Все еще держа ее за руку, он наклонился к Кристине. Она слегка запрокинула голову, словно сделала это неохотно. Ее пальцы сжались вокруг его пальцев, и это легкое давление вызвало вибрацию в его теле… пульсирующий, неодолимый поток,
Маркус наклонился ближе. Всего в одном дыхании от ее губ он замер, его сердце громко стучало. Он отчетливо вспомнил боль потери, горе и злость… недели, месяцы этих переживаний. Но затем он также вспомнил сладость и нежную податливость поцелуев, которые он украл много лет назад.
Его губы коснулись ее, и это стало потрясением, острым и сладостным одновременно, и мягким тоже, и таким знакомым… и к этому примешивалась пронзительная боль желания. Именно это желание заставило Маркуса обхватить ее руками и притянуть ближе к себе, и поцеловать ее долгим и глубоким поцелуем… чего он никогда не осмелился сделать десять лет назад.
Но сейчас все было по-другому. Кристина больше не была наивной маленькой девочкой, легко пугающейся своего желания. Ее губы раскрылись, чтобы впустить его язык, и она растаяла, прижавшись к нему, отвечая на его эротический вызов как женщина, испытывающая нежную страсть.
Она была такой теплой в его объятиях, словно возвращение домой, словно любовь и семья. И все же это также не было и безопасным очагом, потому что, как Маркус быстро узнавал, ее тепло подпитывало его желание, и огонь разгорался очень быстро.

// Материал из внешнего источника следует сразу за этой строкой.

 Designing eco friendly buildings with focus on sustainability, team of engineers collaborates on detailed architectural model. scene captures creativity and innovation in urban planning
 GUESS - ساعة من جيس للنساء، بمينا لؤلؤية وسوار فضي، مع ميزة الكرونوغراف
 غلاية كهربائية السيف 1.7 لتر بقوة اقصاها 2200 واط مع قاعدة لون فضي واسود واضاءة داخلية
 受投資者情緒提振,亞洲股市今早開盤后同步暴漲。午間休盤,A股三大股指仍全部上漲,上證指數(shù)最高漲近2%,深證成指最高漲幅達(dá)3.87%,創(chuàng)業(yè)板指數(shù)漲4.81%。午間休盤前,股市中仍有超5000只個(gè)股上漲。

Ее крепкие груди прижались к шерсти его фрака, но это было недостаточно. Его руки двигались по ее спине, прижимая ее ближе, но недостаточно близко, потому что его перчатки прикасались к шелку, а Маркус хотел, чтобы плоть касалась плоти. Его руки легли на основание ее позвоночника, затем – на прелестный изгиб бедер. Кристина была достаточно близко, чтобы осознавать его болезненное возбуждение. Маркус хотел, чтобы она была еще ближе, хотел что есть сил прижать ее к себе, но это только ухудшило бы дело. Он уже терял над собой контроль.
Маркус оторвался от ее рта. Он собирался и вовсе отпустить ее, но в тот же момент, когда Кристина начала отстраняться, его руки сжались на ее талии.

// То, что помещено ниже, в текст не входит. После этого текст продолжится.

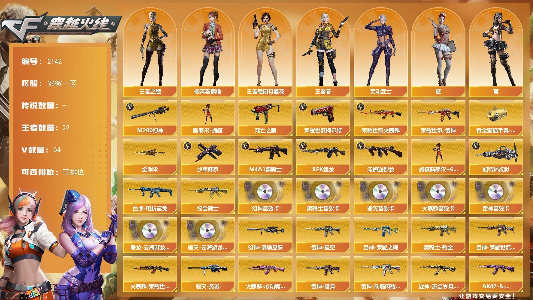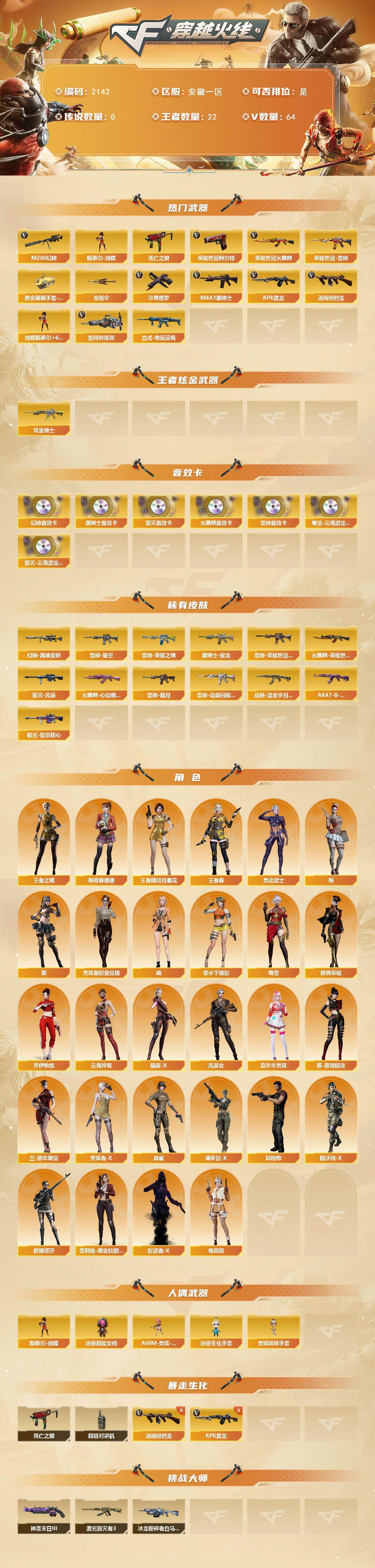 [16814807]安徽一区-84V-22王者武器数-1炫金武器数 【热门武器】:M200-幻神,死亡之眼,荣耀世冠-火麒麟,荣耀世冠-雷神,白虎-电玩蓝兔,荣耀世冠-柯尔特,M4A1-黑骑士,汤姆逊-烈龙*7,RPK-盘龙*6,加特林-炼狱*4,斯泰尔-蝴蝶,沙鹰-修罗,黄金猫猫手套-白鲨,金刚伞 【王者炫金武器】:炫金骑士 【音效卡】:屠龙-云海游龙音效卡,M200-幻神音效卡,AK47-火麒麟音效卡,M4A1-雷神音效卡,M4A1-黑骑士音效卡,Barrett-毁灭音效卡,Barrett-毁灭-云海游龙音效卡 【皮肤】:幻神-周瑜皮肤,雷神-暗月,雷神-荣耀之魄,雷神-星空,雷神-荣耀世冠AG,雷神-动感闪耀 皮肤,火麒麟-荣耀世冠AG,火麒麟-心动糖果,毁灭-风暴,黑骑士耀金皮肤,战神-流金岁月皮肤*2,AK47-B-常胜将军-曹操,极光-能量核心 【角色】:葵,樱,王者-瞳-闭月羞花,王者之瞳,王者春,乔伊教练,云海玲珑,暗夜-X,风暴女,嘉年华灵狐,葵-赛博朋克,兰-新年限定,灵动武士,零-水下丽影,灵狐者-X,灵狐者-职业经理,麻雀,潘多拉-X,邱刚敖,斯沃特-X,蜀雪,铁骑荣耀,兔囡囡,新娜塔莎,雪莉杨-摸金校尉,樱-青春偶像,影武者-X,幽 【人偶武器】:斯泰尔-蝴蝶,AWM-灵狐-15周年嘉年华,迷你生化手雷,迷你超能女侍,灵狐娃娃手雷 【暴走生化】:死亡之眼,超级对讲机 【挑战大师】:冰龙粉碎者-白马银枪,激光毁灭者III*2,神圣爆裂者-末日III 【英雄级武器】:AK47-火麒麟*2,M4A1-黑龙,M4A1-雷神*3,M4A1-黑骑士,AK47-黑武士,AN94-超新星,AK47-黑鲨,无影-神兵利器,烈火-动感闪耀,王者之心-觉醒版,王者之影-觉醒版,王者之势-觉醒版,AK-47-猩红传说*2,王者火魄-觉醒版,黑骑士-海王,M4A1-雷霆王者-觉醒版,QBZ-03-王者蔷薇-觉醒版,白虎-电玩蓝兔,荣耀世冠-火麒麟,荣耀世冠-雷神,AWM-天龙,Barrett-毁灭,Barrett-极光,AWM-裁决,M200-幻神,Barrett-朱雀,王者之力-觉醒版,王者之决-觉醒版,Barrett-雷霆王者-觉醒版,RPK-盘龙*6,加特林-炼狱*4,炼狱-悦蓝-觉醒版,汤姆逊-烈龙*7,烈龙-云海游龙,沙鹰-修罗,沙鹰-天神,COP 357-雷霆王者-觉醒版

– Теперь ты не сможешь вернуться в зал, – произнес он, еле ворочая языком. – Ты вся… растрепана. – Восхитительно растрепана. Ее аккуратная прическа развалилась, платье соблазнительно помялось, а дыхание участилось. Маркус подумал о том, каким образом он может привести ее в еще более взъерошенное и разгоряченное состояние, и его собственное дыхание сделалось затрудненным. Он притянул ее ближе. Кристина застыла и напряглась.
– Не дразни меня, Кристина, – проговорил он. – Я всего лишь хочу еще раз поцеловать тебя.

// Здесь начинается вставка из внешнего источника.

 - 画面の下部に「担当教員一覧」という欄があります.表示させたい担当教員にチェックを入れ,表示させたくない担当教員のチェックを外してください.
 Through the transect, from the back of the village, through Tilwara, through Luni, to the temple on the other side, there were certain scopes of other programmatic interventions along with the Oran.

– Нет, – ответила она. – Я дала тебе дюйм, который ты хотел – а ты преодолел десять миль. Затем ты имел наглость сообщить мне, что я растрепана – словно я сама сделала все это – с целью привести тебя в смятение, как полагаю.
– Признаю себя виновным по обвинению в растрепанности, – согласился Маркус. – Но ты сотрудничала со мной.
– Кажется, у тебя есть определенная способность добиваться сотрудничества, – заявила Кристина. – Но опять же, ты обладал этим десять лет назад. Очевидно, мои способности к сопротивлению на несколько лет отстают от твоих умений убеждать.
– Ты никогда и не пыталась сопротивляться, ни тогда, ни сейчас, – возмутился Маркус. – Напротив, ты намеренно разыскивала меня, в обоих случаях, и соблазняла меня.
– Отлично, я соблазняла тебя, – воскликнула она. – А ты опять стал беспомощной жертвой моих неотразимых уловок, несмотря на то, что ты – успешный, влиятельный мужчина тридцати четырех лет. А из-за того, что я не хочу быть соблазненной на черной лестнице твоего брата – точно так же, как не захотела убежать с тобой и разрушить свою репутацию, – я превращаюсь в бессердечную кокетку. – Кристина опустила взгляд на его руки. – Возможно, пришло время выпустить тебя из моих порочных когтей.
На один пронизанный яростью момент Маркусу захотелось отшвырнуть ее в сторону, с глаз долой, выбросить из мыслей, из самого своего существования.
Он с трудом отдышался и посмотрел на свои неподвижные руки… а затем на нее. Когда он заглянул в ее злые, наполненные обидой глаза, его собственная злость унеслась прочь, оставив вместо себя холод.
– Боже мой, так вот о чем ты думала? – спросил Маркус. – Что я хочу только соблазнить тебя?
Он убрал руки. Но Кристина не двигалась.
– Я хотел жениться на тебе, Кристина, – проговорил он. – Я говорил тебе об этом, снова и снова.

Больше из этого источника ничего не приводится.